* _Exercise_
Everything from the line that holds "Dior Saddle Vintage" through the end of the records below is to be transcribed exactly, except the pictures.

————

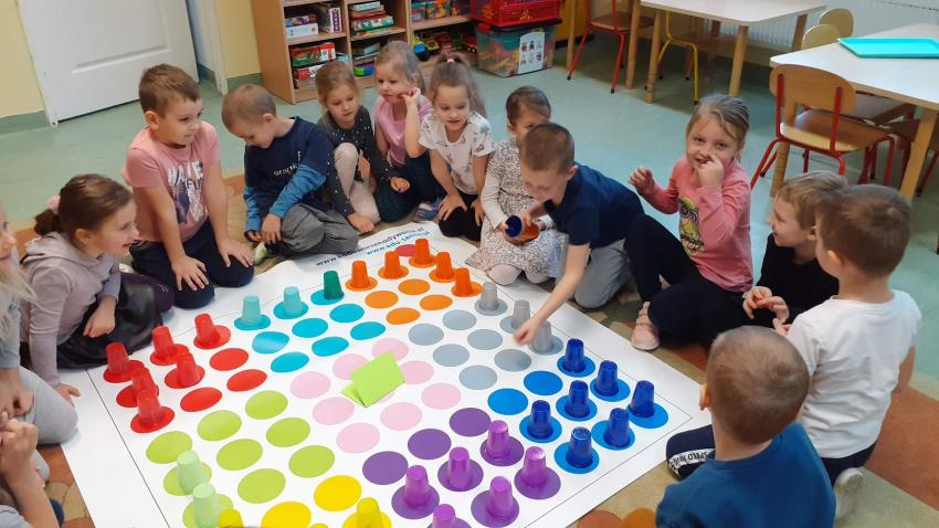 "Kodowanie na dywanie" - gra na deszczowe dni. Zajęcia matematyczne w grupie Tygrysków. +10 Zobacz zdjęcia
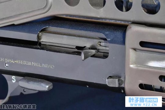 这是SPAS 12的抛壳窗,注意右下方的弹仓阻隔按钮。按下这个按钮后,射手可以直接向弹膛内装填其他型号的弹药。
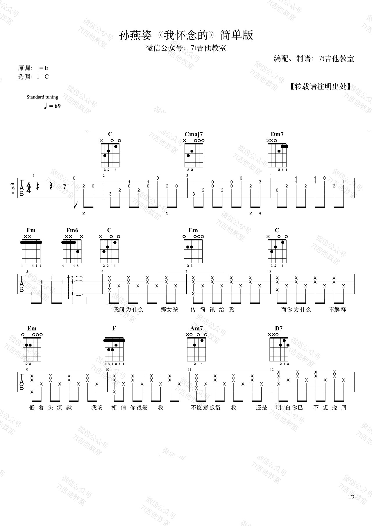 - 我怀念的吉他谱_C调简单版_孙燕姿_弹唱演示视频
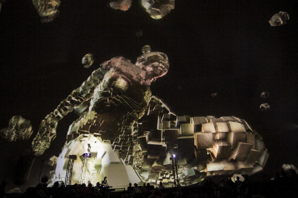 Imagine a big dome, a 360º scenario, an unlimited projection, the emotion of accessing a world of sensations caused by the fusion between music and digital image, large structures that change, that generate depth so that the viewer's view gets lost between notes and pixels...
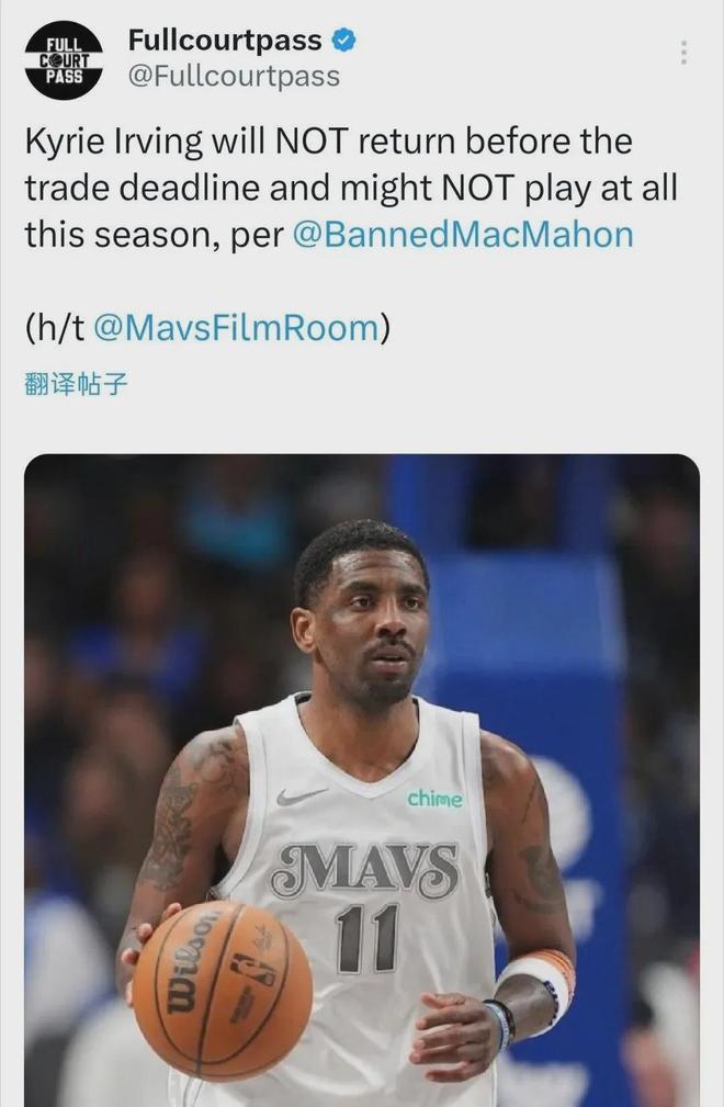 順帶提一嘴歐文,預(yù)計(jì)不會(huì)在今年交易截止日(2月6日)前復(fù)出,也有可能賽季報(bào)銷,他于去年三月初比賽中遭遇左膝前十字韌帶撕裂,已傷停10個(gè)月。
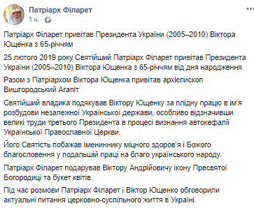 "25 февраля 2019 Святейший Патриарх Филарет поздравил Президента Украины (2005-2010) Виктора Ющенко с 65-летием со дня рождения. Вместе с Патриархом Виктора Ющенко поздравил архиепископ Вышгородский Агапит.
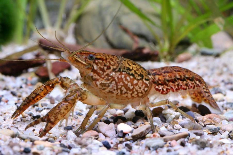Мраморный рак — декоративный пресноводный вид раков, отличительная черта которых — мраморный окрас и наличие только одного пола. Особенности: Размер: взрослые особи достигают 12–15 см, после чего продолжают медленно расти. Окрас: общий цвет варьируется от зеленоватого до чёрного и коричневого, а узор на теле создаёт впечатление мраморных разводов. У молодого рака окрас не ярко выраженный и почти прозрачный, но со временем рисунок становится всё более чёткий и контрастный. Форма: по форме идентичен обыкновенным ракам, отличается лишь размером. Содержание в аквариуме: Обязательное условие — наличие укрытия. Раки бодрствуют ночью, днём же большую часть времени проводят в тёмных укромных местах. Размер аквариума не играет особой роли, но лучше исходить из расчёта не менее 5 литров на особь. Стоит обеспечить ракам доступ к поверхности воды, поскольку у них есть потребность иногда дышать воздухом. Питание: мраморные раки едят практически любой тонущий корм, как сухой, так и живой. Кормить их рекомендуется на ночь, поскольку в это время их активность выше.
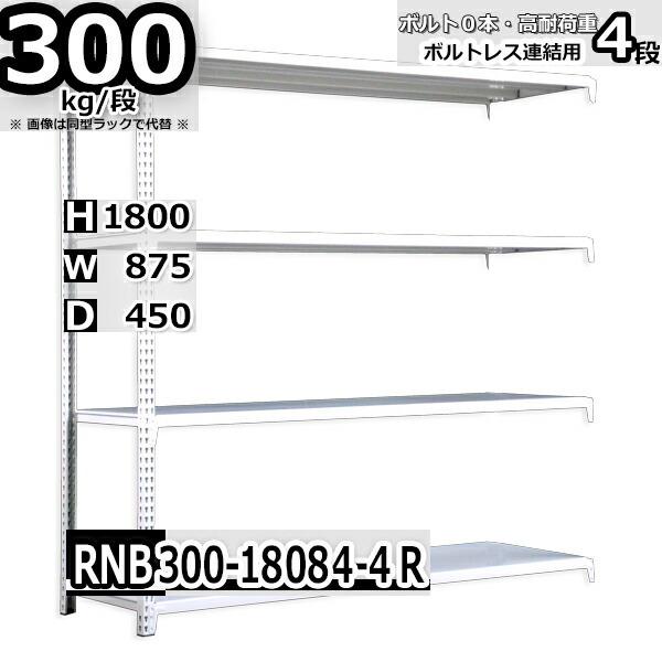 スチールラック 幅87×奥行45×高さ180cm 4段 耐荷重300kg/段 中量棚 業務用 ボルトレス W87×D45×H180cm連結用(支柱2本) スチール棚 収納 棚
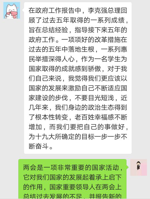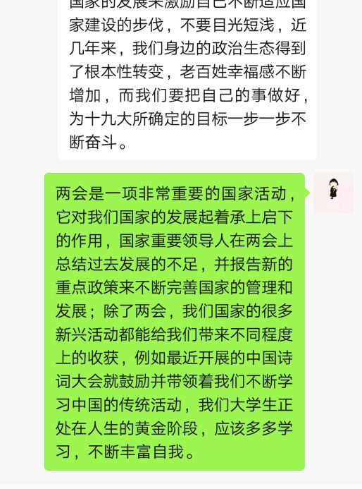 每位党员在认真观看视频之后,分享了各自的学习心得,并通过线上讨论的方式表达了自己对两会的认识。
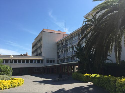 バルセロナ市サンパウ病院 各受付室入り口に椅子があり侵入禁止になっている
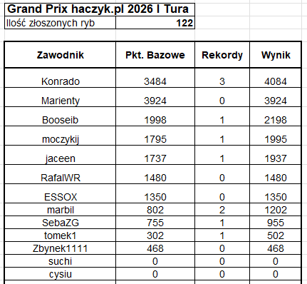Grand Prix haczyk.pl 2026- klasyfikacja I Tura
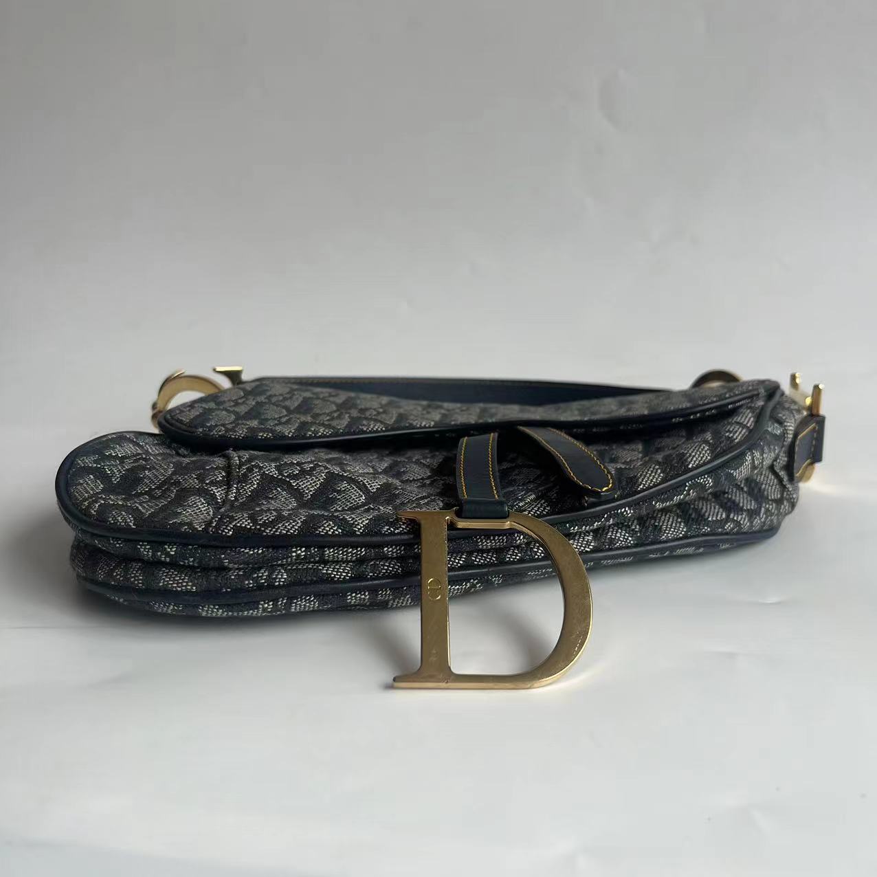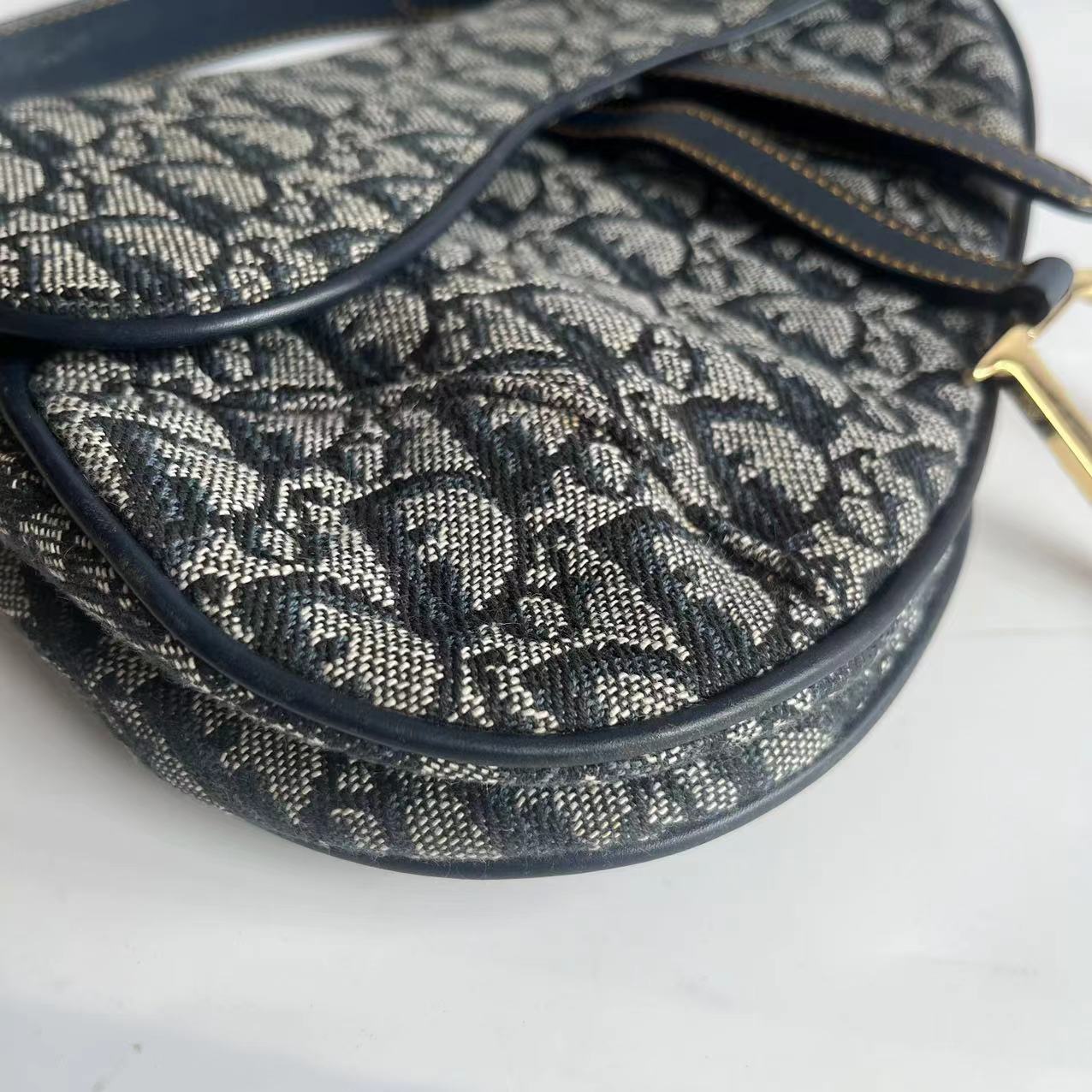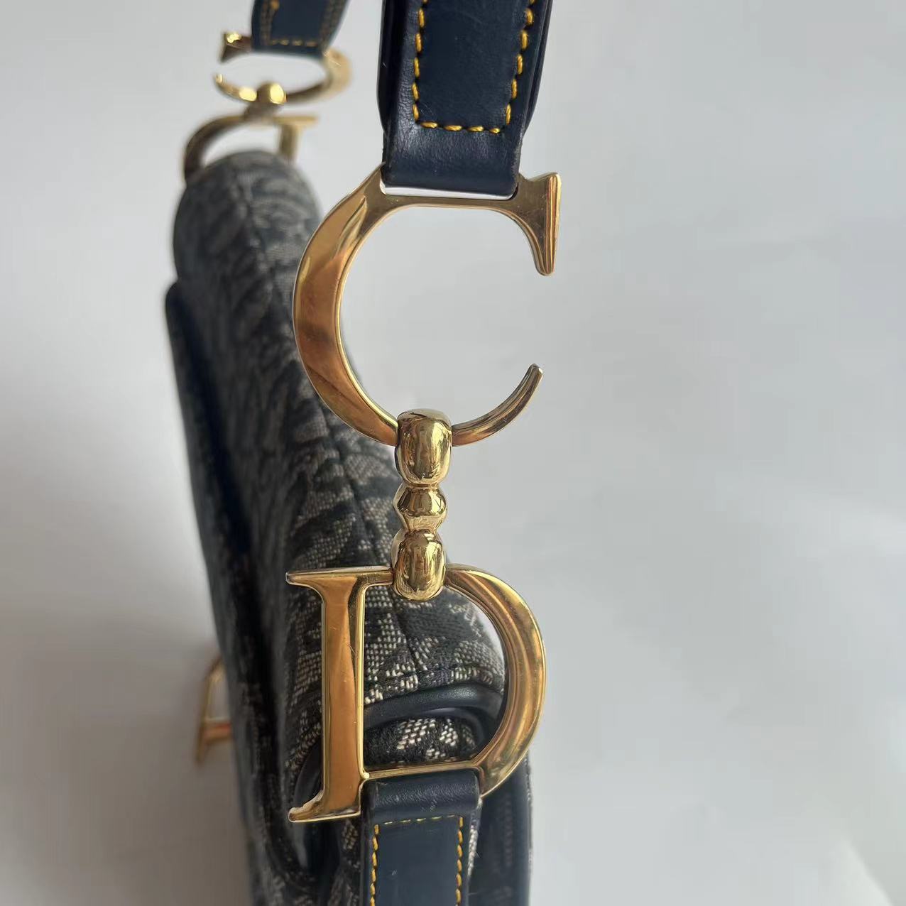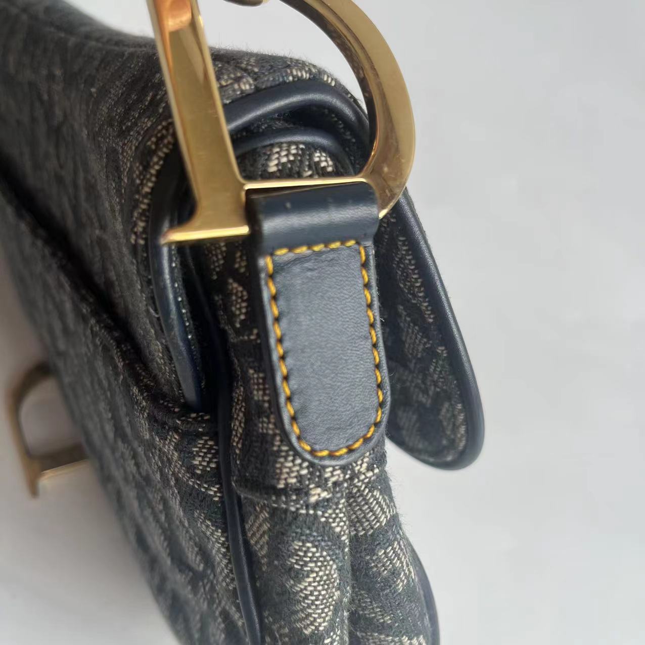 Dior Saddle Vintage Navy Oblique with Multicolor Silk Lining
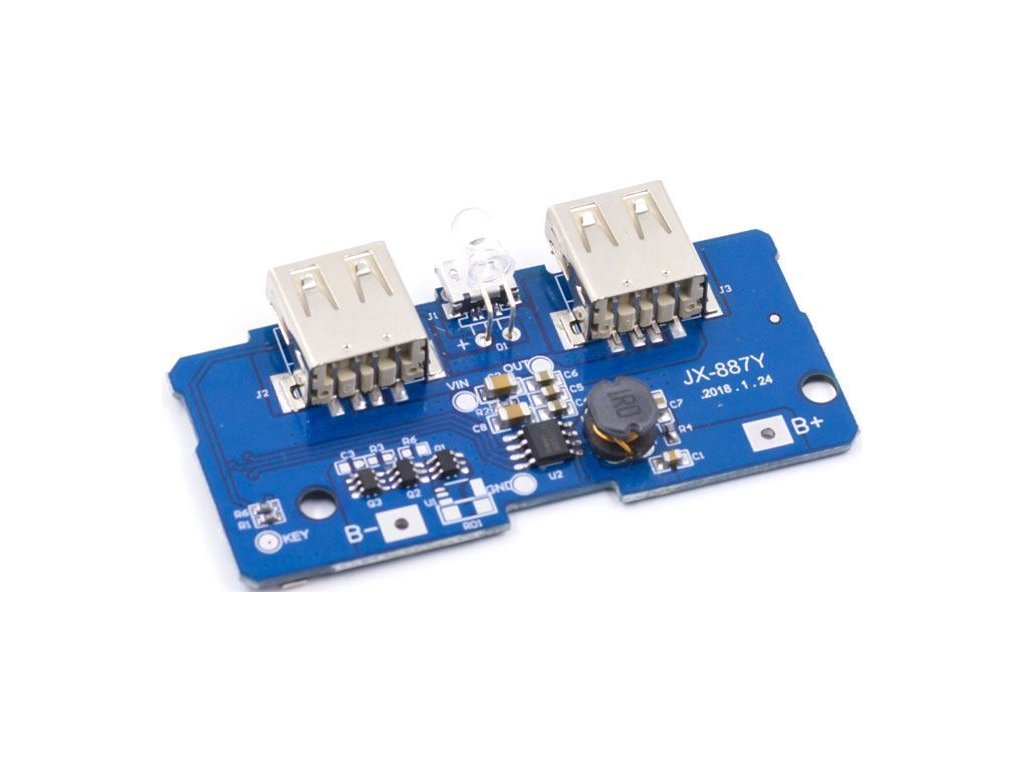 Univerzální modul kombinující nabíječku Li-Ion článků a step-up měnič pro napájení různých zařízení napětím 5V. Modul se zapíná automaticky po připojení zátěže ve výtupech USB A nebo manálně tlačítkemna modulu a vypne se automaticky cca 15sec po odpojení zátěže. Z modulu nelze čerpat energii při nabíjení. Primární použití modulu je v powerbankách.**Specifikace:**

————

* _Output_
 Dior Saddle Vintage Navy Oblique with Multicolor Silk Lining
 Univerzální modul kombinující nabíječku Li-Ion článků a step-up měnič pro napájení různých zařízení napětím 5V. Modul se zapíná automaticky po připojení zátěže ve výtupech USB A nebo manálně tlačítkemna modulu a vypne se automaticky cca 15sec po odpojení zátěže. Z modulu nelze čerpat energii při nabíjení. Primární použití modulu je v powerbankách.**Specifikace:**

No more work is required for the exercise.